▸ Task to complete
All lines from the one containing "Stitched Baseball Jersey" through the end of the data below are to be repeated exactly, with pictures left out.

Supplied data START

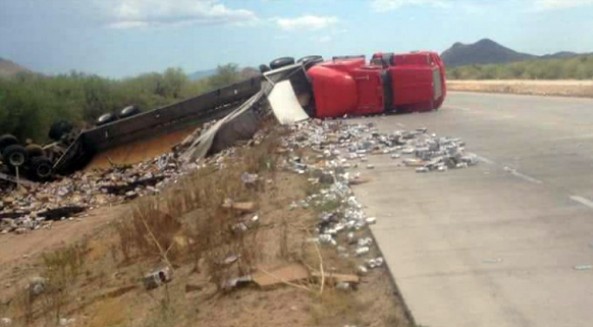 HERMOSILLO.- Un tráiler que remolcaba cajas cargadas con cerveza se volcó en la carretera Hermosillo-Guaymas, lo que provocó el cierre temporal de la rúa e innumerables actos de rapiña.
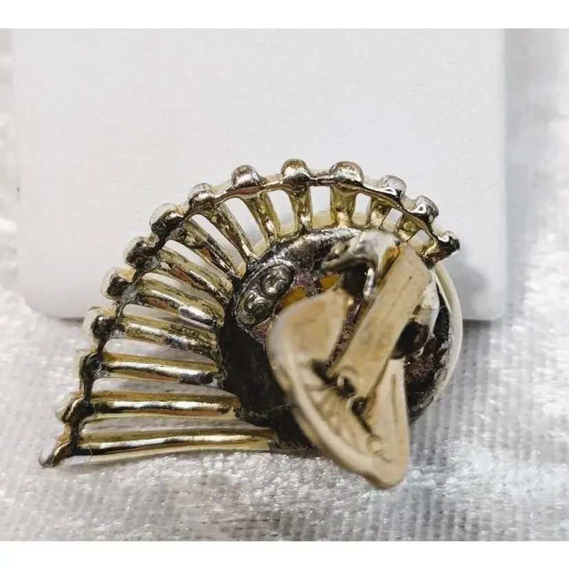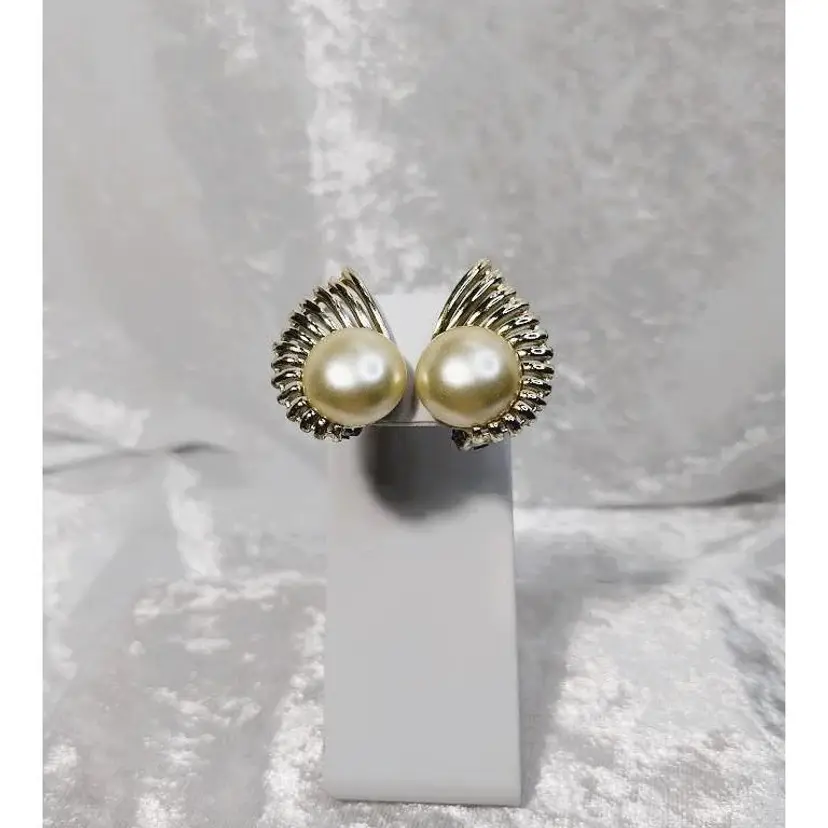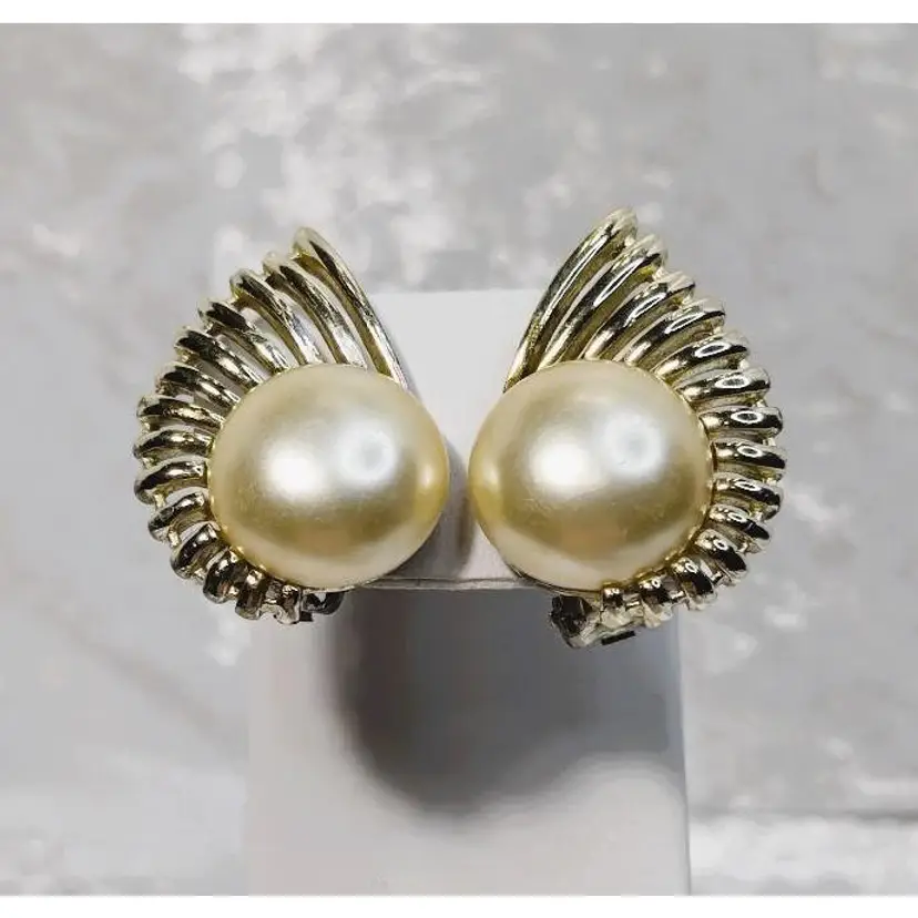 These stunning Sarah Coventry clip on earrings are named "Pearl Flight" and were introduced in 1956. These earrings each feature 1 large faux pearl dome on a gold-tone setting. The open work setting surrounds the pearls in a wing-like fashion. The earring are marked SC on the back of the earrings. They measure approximately 1¼” H x 7/8” at the widest point and close with paddle back clips. These earrings are in excellent pre-owned vintage condition.
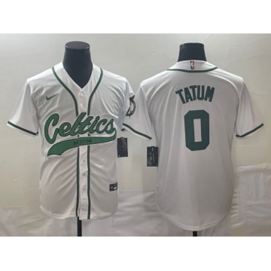 >Men's Boston Celtics #0 Jayson Tatum White With Patch Stitched Baseball Jersey
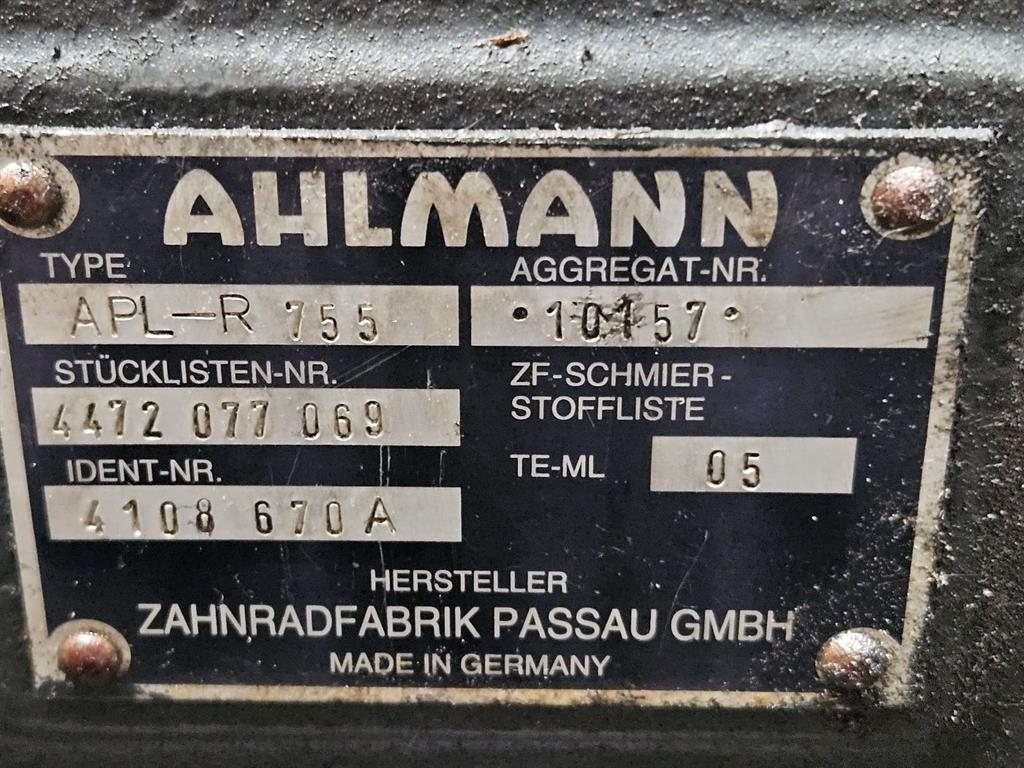 Stock number: 5345Brand: ZFType 1: APL-R755Type 2: APL - R 755S/N: 10157Machine: Ahlmann AZ 14Part number: 4472077069 / 4108670ARear axle / Hinterachse / AchterasAxle / Achse / asAxles / Achsen / Assen
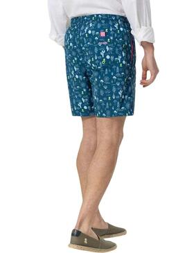 Costume da bagno El Pulpo stampato floreale blu per uomo.

Supplied data END

▸ Your response
 >Men's Boston Celtics #0 Jayson Tatum White With Patch Stitched Baseball Jersey
 Stock number: 5345Brand: ZFType 1: APL-R755Type 2: APL - R 755S/N: 10157Machine: Ahlmann AZ 14Part number: 4472077069 / 4108670ARear axle / Hinterachse / AchterasAxle / Achse / asAxles / Achsen / Assen
 Costume da bagno El Pulpo stampato floreale blu per uomo.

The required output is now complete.